Otherwise there are ps2pdf and pdf2ps tools, but they are likely to rely on ghostscript, so they are as weak as this program.
Then I have created the following LaTeX document (I gave it a .txt suffix, so you can see it in Netscape). It uses the macro \pageimage to include page images. Notice the \epsfxsize command which is used to constrain the image to the proper size.
Then I have created a text file called order (the name is hardwired in the script too) listing all the papers. They appear in the order they should be included in the proceedings. Each paper is given by its file name only. I have added comments with # and empty lines, there's also a keyword 'stop' to debug my script.
The main job is done by the following Perl script.
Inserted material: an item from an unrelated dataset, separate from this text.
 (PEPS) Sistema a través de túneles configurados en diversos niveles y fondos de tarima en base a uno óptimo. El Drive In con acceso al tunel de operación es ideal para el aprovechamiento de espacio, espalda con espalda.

This script does the following operations for each paper in the 'order' file:
- It cleans the postscript using the ps2ps program. This will also crop the pages to the bounding box.
- It uses psselect to cut each document into individual pages.
- If transforms each page into an .epsi file. This is a little wasteful, because epsi is not only encapsulated postscript, but it also contains a 'preview' of the file in another format (usually .tiff). But other methods I have tried to generate .eps have failed, because apparently they rasterize the image and loose resolution.
- It will write for each page a LaTeX line to include the page as a figure.
- At the end of each document it would generate the LaTeX macro which is the page number where the document begins.
The script will generate two auxiliary latex files 'pagenumbers.tex' and 'allpapers.tex', which will be included by the main LaTeX file.
In the end, just run the script once and LaTeX once to generate the final document.
Using dvips you can get the postscript booklet.
Caveat: if some of the documents contain pages which are narrower than usual (e.g. a single column), because of the cropping and including using \epsfxsize they will be enlarged a lot. For such pages I had to manually create a new \halfpageimage macro which includes somewhat narrower figures.